Ve bugünlerde bilgisayarın başına geçip yazıp bir köşeye fırlattığım dosyaları buldum. Gözlerim dolarak, tarif edemediğim bir ruh hâliyle tozlanmış öyküleri açıp baktım. Aradan yıllar geçmiş, ne anlattıklarını, nasıl başlayıp nasıl bittiklerini bile unutmuşum.

Geçen onca süre zarfında sanıyordum ki daha çok okuyup daha çok gezdikçe, daha çok yazdıkça ve yaş aldıkça her sene kendimi geliştirdim. Kelime hazinem, iç dünyam, hayal gücüm her sene zenginleşti, tekniğim gelişti. Öyle değilmiş, ben hiç ama hiç değişmemişim.

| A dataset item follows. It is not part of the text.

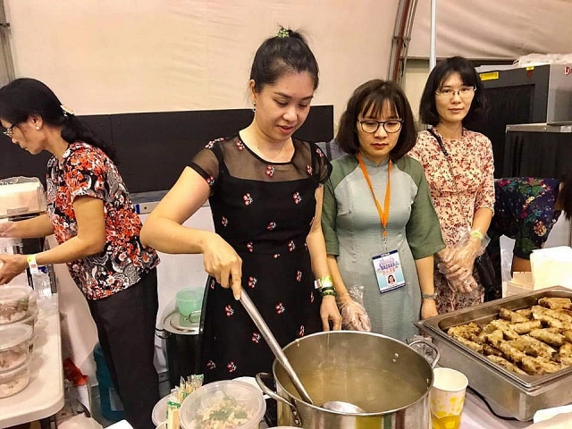 Món nem và phở của Đại sứ quán trở thành ưa thích với người dân mỗi khi có hội chợ. Quầy hàng ẩm thực của Việt Nam năm nay vẫn như mọi năm: khách xếp hàng dài và hết hàng nhanh nhất trong số 12 Đại sứ quán tham gia ẩm thực.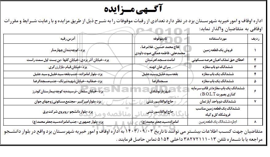 مزایده عمومی مزایده فروش یک قطعه زمین برگزار میگردد. از کلیه افراد متخصص و شرکت‌های واجد شرایط دعوت به عمل می‌آید تا در این مزایده با کد خبرگزاری پارس نماد : 8247638 شرکت نمایند تاریخ شروع مزایده : 1403/08/19 مهلت شرکت در مزایده: تا پایان روز 1403/09/03 مکان برگزاری اموال واگذاری استان‌های یزد و دسته‌بندی‌های مربوط به این حراجی املاک و زمین میباشد.

Yeni kitaba koymak üzere yedi yıl önce yazdığım “Çirkin Adam” isimli öyküyü korka korka açtım. Ayarsız'da yayımlanmıştı. Yazdığım ikinci öyküydü. Bugünlerde yazdıklarımdan aşağı kalmaz, üste bile çıkar. Yarı uykulu, yarı sarhoş, düşlerde gezinen bir anlatım var.

Bir yandan hep aynı kalmışım diye hayal kırıklığı yaşarken, bir yandan da ne güzel öykü diye sevindim. Hepsini derleyip topladım. Üzerine “Makam, Kestane'nin Düşü ve Ölümüm Oyunmuş Gibi” isimli üç öykü daha yazdım.

Sevgili Zanka Okuru, hem son kitabım hem de ilk öykü kitabım Kestane’nin Düşü Sonçağ Yayınları’ndan çıkıp okurun beğenisine sunuldu. Sizlere de haber vermek istedim.